A little-known thing about Shaq is that his D.J. career began around when his basketball career started, at 14. “It was different then. I saved up money. Took it to the pawn shop—got some 1200s,” he told me. Public Enemy and Dr. Dre were early influences, and now, 30 years later, he looks to Steve Aoki and Skrillex for guidance as well.
When it came time to create his nom de D.J. for the festival, Shaq had a lot of nicknames to choose from: Superman, Shaq Daddy, Shaq Fu, the Big Baryshnikov, the Big Shamrock, and several others that involve putting “big” in front of words. He went with “Diesel” because it was his first. Back from his college days at L.S.U., he barreled through human barriers with abandon, like only Shaq and a diesel truck with brake problems could.
The moniker has served him well. He lent it to his first album Shaq Diesel, in 1993, which went platinum. So really, Shaq’s Fun House is just a return to his roots, dieseling through crowds of college students who are skinnier and weaker than him, but now with trap and techno instead of his colossal frame. (A note on Shaq’s D.J. identity that feels essential, but I can’t pinpoint why: “I thought about wearing costumes and all that, but I don’t like being hot. I move around too much.”)

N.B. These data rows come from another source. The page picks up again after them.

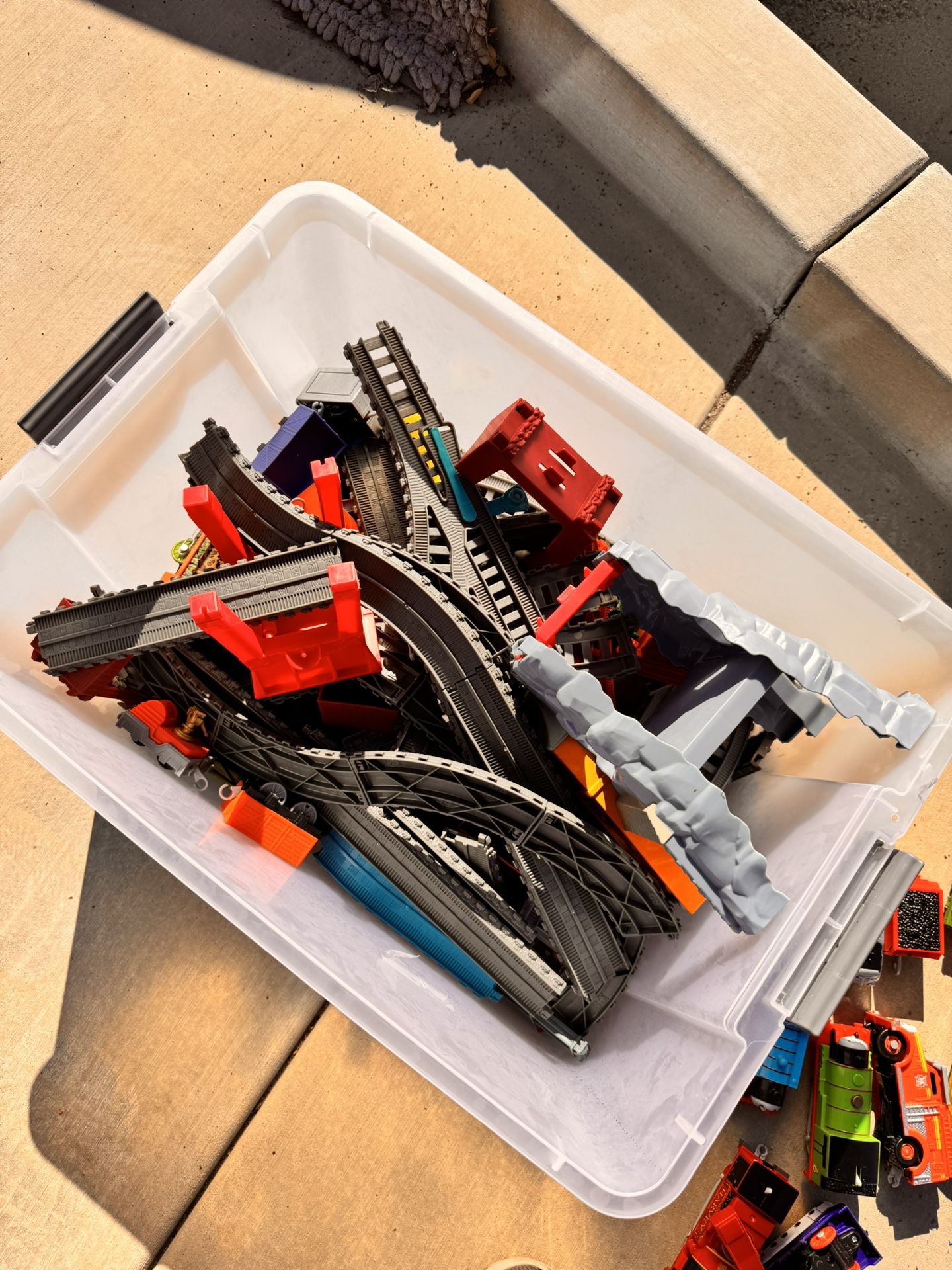 Large bin of Thomas the train set. Few different sets combined. Tracks, runner, bridges, trains, etc. my kid outgrew it. Good condition.
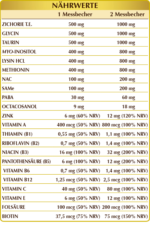 Maltodextrin aus Mais oder Reis, Zichorien (Cichorium intybus) Wurzeln T.E. (standardisiert auf 90% Inulin), Glycin, Taurin, Myo-Inositol pflanzlichen Ursprungs (aus Maissamen extrahiert), (L-)Lysin HCL oder Hydrochlorid, (L-)Methionin, SAMe (S-Adenosylmethionindisulfattosylat), NAC (N-Acetylcystein), Zinkgluconat, Vitamin C (Ascorbinsäure), PABA (p-Aminobenzoesäure), Vitamin B3 (Nicotinamid), Policosanole aus Zuckerrohr (Extrakt auf 60 % in Octacosanol titriert), Vitamin E pflanzlichen Ursprungs (D-α-Tocopherylacetat); Süßstoffe pflanzlichen Ursprungs: Steviolglycoside aus Stevia, Thaumatin; Vitamin B5 (Calciumpantothenat), Vitamin A (Retinylacetat), aktiviertes Vitamin B2 (Natrium-Riboflavin-5-phosphat), aktiviertes Vitamin B6 (Pyridoxal-5-phosphat), Vitamin B1 (Thiaminhydrochlorid), aktivierte Folsäure (Calcium-L-methylfolat), Biotin, aktiviertes Vitamin B12 (5-Desoxyadenosylcobalamin, Methylcobalamin).
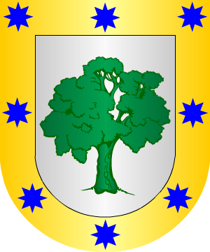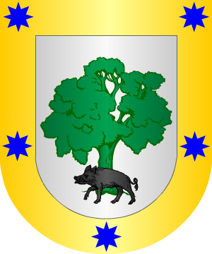 jabalí de sable al pie de su tronco. Bordura cosida de oro. 2.- En Asturias, Galicia, Andalucía y La Mancha usaron: En campo de plata, una carrasca de sinople y un lobo de sable al pie de su tronco. 3.- Otros en ambas Castillas tienen: En campo de plata, con
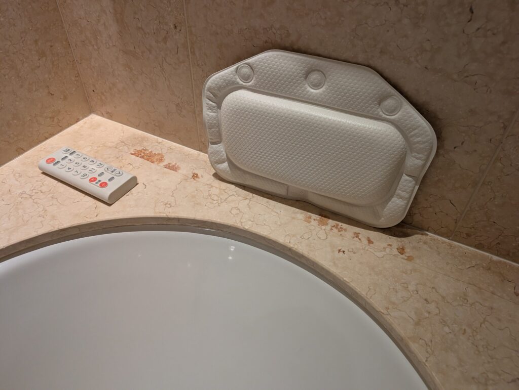 テレビを観る時も、ゆったりと浸かるだけの時にも嬉しいバスピローもありました。
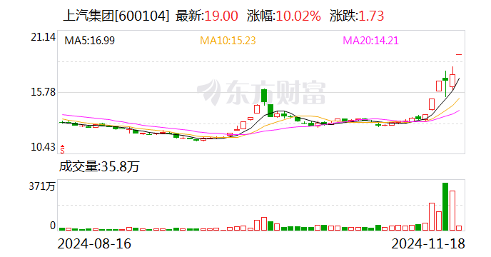虽然上汽集团在销量上的表现未达到预期,但近日上汽集团的股票不断涨停开盘,成为央企破净股中最引人注目的股票之一。尤其是11月12日和13日的A股市场,三大指数集体下跌的背景下,上汽集团却一骑绝尘,股价连续两天涨停,让不少投资者大跌眼镜。
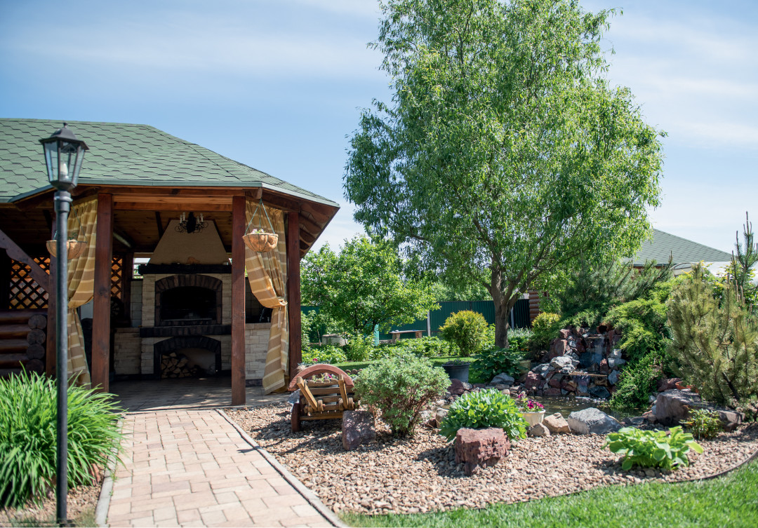 Прогулявшись по саду и наглядевшись на цветы, попадаем в зону отдыха. Мангальная зона с беседкой обустроены так, чтобы места для отдыха хватило даже большой компании. Наслаждаясь поджаренными на огне баклажанами и ароматным шашлыком, можно любоваться мини-прудиком с каскадным водопадом. А впереди нас ждет еще банька с бассейном – вот оно, раздолье загородной жизни!
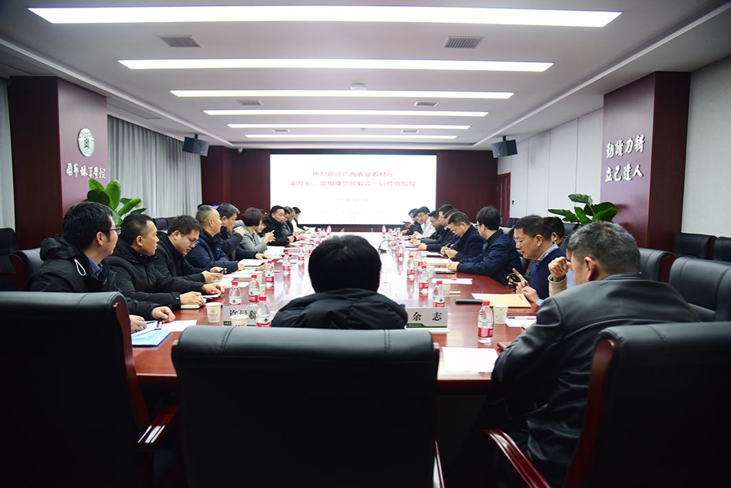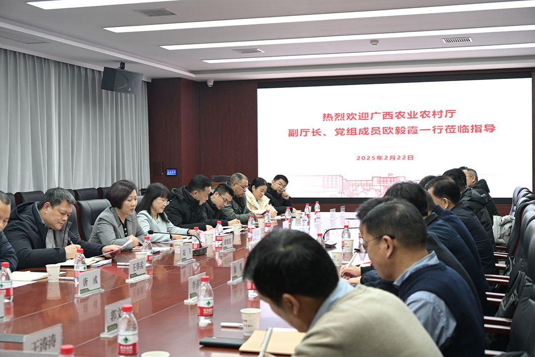 2月22日下午,广西农业农村厅副厅长、党组成员、人事处处长欧毅霞一行来院调研,校党委副书记、副校长姚江林、学院党委书记龙健飞、院长程运江热情接待了欧毅霞一行并举行座谈交流。座谈会由龙健飞主持。
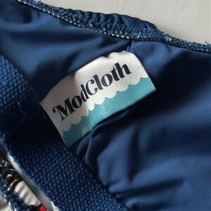 MODCLOTH the Reese one-piece swimsuit in a blue and multicolored floral print. Swimsuit has no size tag but seems to be an XS. Please see flat lay measurements to ensure fit. Pre-loved great condition. This one-piece swimsuit embodies sweetness and femininity. With ruffles cascading from the halter straps through the surplice neckline, a waist-cinching tie, this blue and floral print suit makes waves anywhere it’s worn.
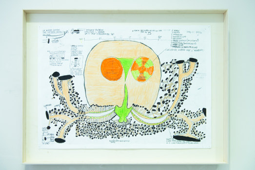 Arte che, tra l’altro, funzionerebbe bene in qualsiasi galleria ben pettinata di New York, Londra o Hong Kong, incline a mettere in scena una produzione legata al disegno. Arte che ricorda le produzioni infantili o degli internati tanto cari alla poetica di Jean Dubuffet, di Antonin Artaud o, avvicinandoci al presente, ai meravigliosi animali in china di Kiki Smith
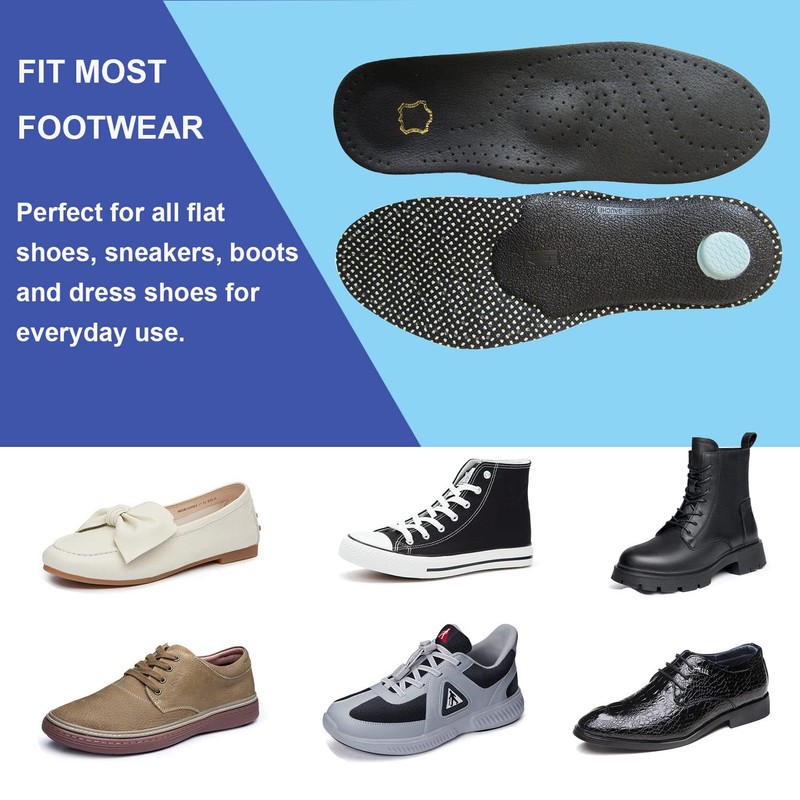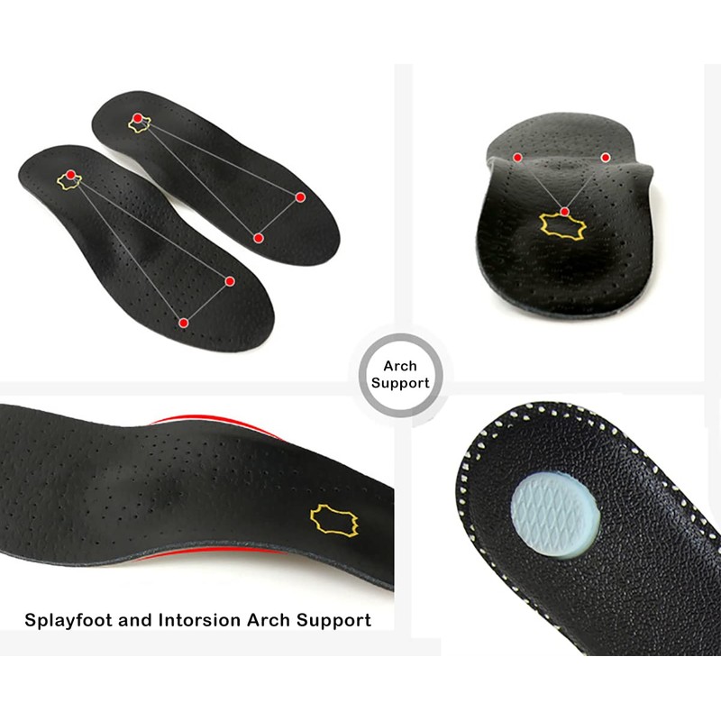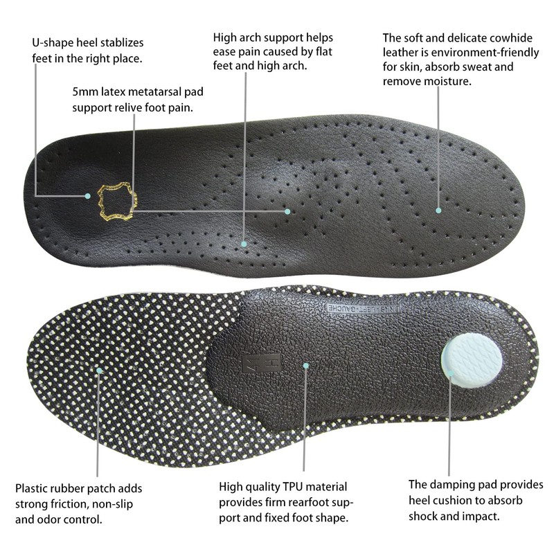 - Enhanced Arch Support -- The real cowhide insoles special designed with semi-rigid arch support for flat feet, plantar fasciitis and heel pain relief, provide additional arch support and maximum comfort cushion for whom suffering from foot problems, such as plantar fasciitis, heel pain, flat feet, metatarsal pain and other common foot pain. An ideal orthotic inserts for preventing and alleviating feet pain for adults.
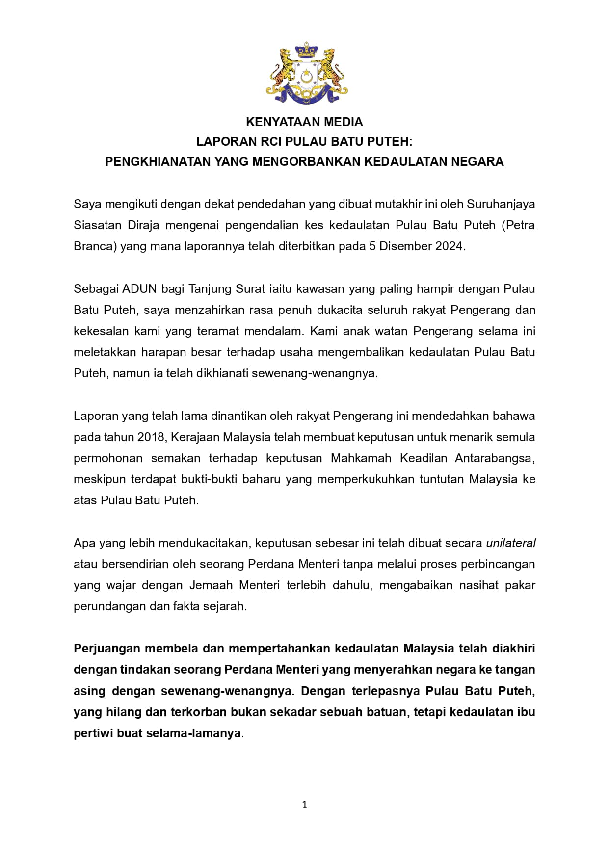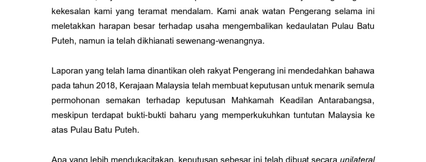 Keputusan yang dibuat itu bukan sahaja mengabaikan fakta sejarah, nasihat pakar perundangan dan bukti baharu yang kukuh, tetapi juga mengkhianati harapan rakyat Malaysia, khususnya warga Pengerang yang selama ini mendambakan kedaulatan Pulau Batu Puteh dapat dikembalikan semula kepada Malaysia, khususnya Negeri Johor.
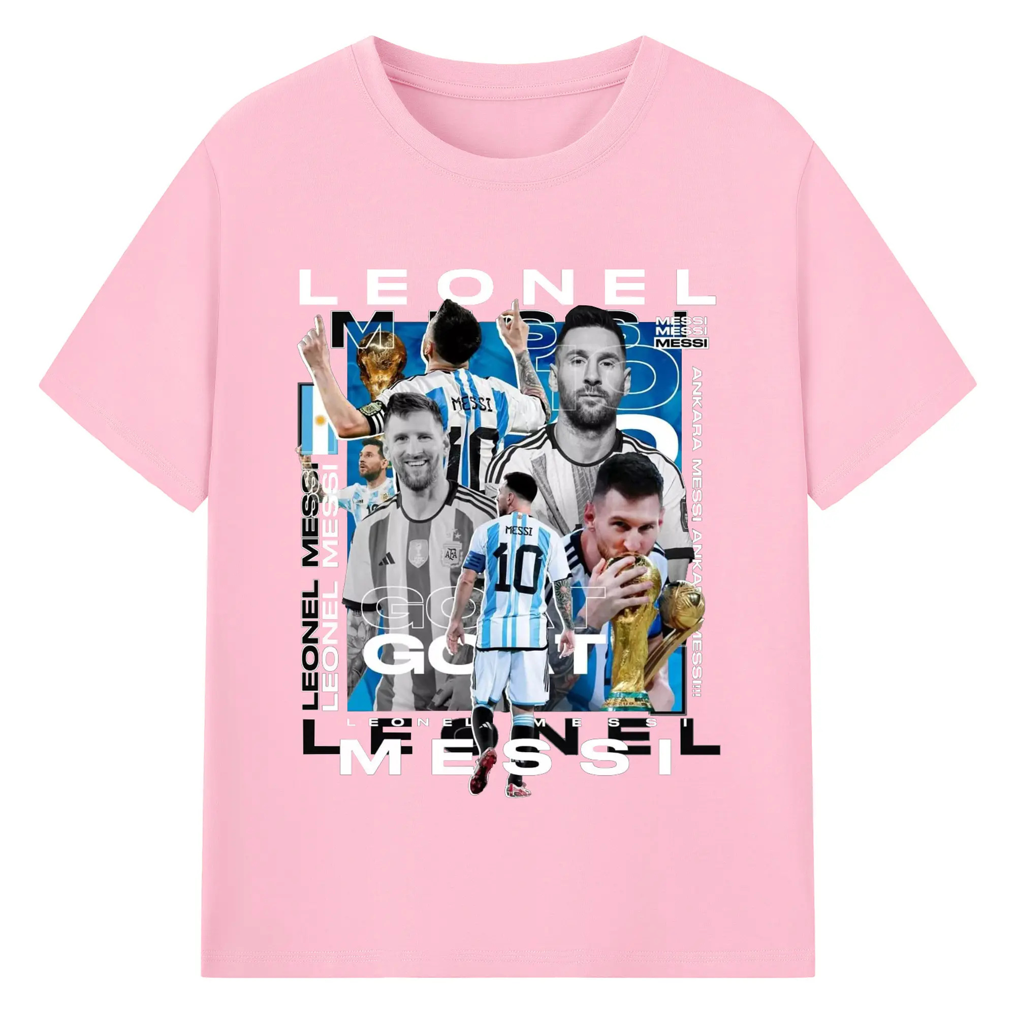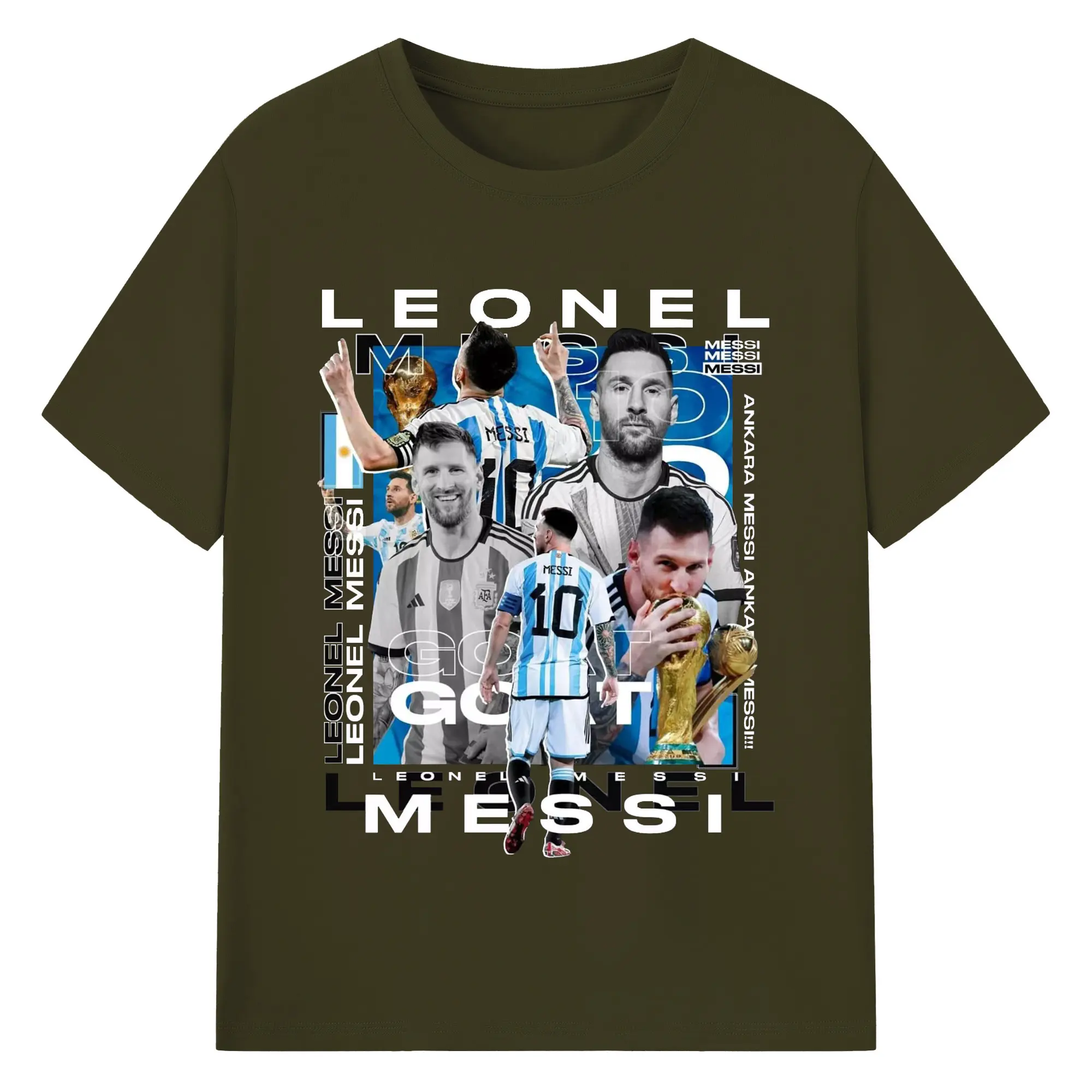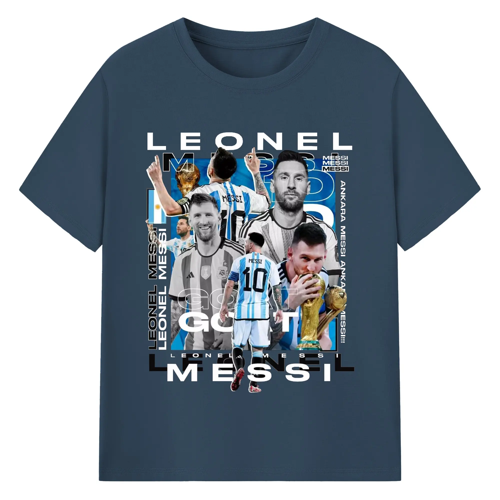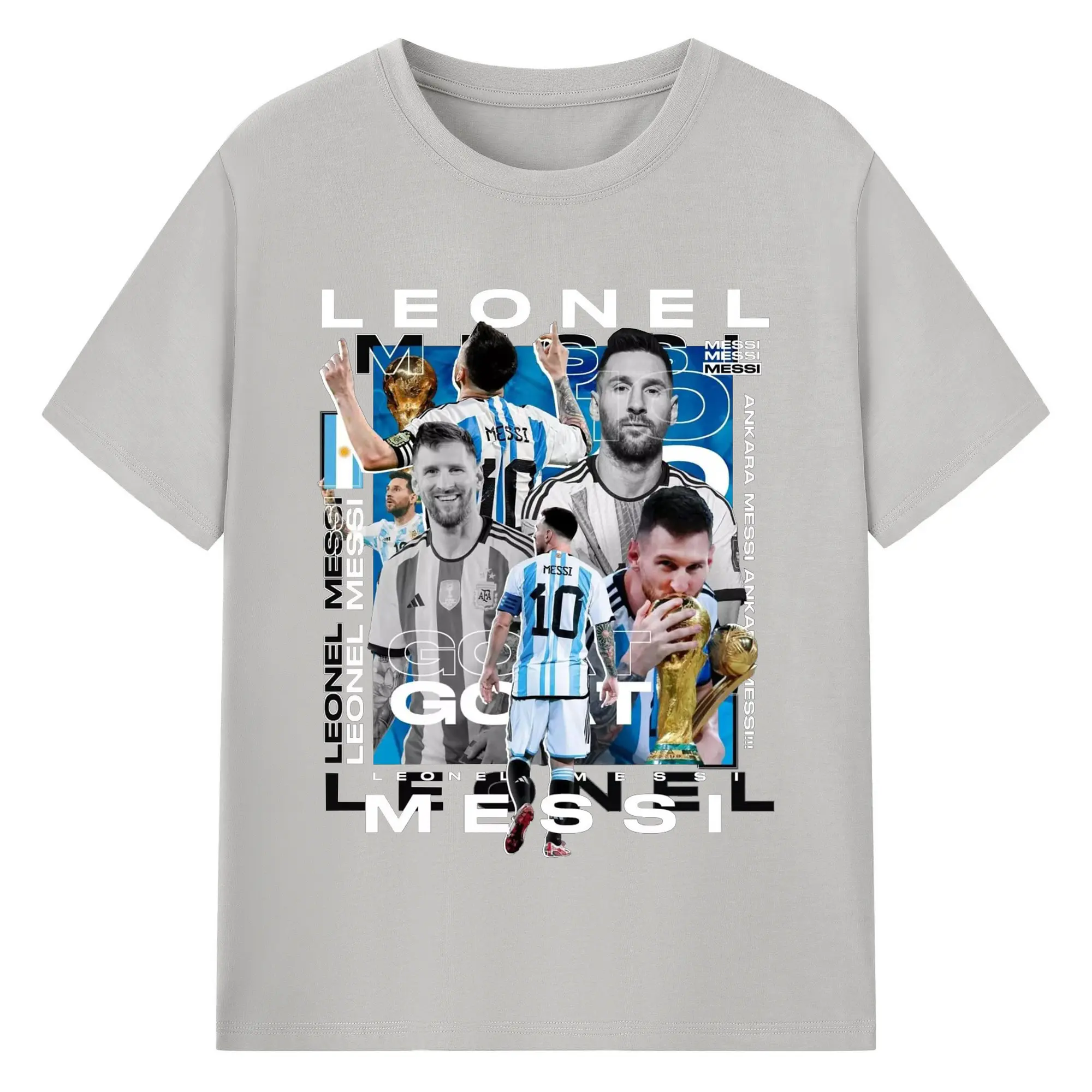 Lionel Messi Argentina World Cup GOAT Collage DIY Shirt - 180g Cotton T-Shirt With Front Heat Transfer Print – Soft, Lightweight, Fitted Design – Comfortable Casual Wear For Sports & Everyday Use

So on March 23, around 2 A.M., Shake Shack will fire up its burners, Shaq will fire up his internal burners, and select invitees will gather at a large warehouse cabaret-carnival sponsored by a ride-share app in Miami. Does that make sense? Must it make sense? At this point, it feels as if Shaq wakes up every morning and muses to himself, What weird, wonderful thing am I going to get involved in today?, and then he goes out and does that thing. Then more and more people around the world discover their own version of Shaq, and he discovers those people, and isn’t that kind of mutual discovery beautiful? If this all goes well, there will be more parties in more locations on more continents. “We definitely want to take it worldwide, because music is worldwide, and don’t forget: I’m a worldwide guy,” he tells me. But who could honestly forget that?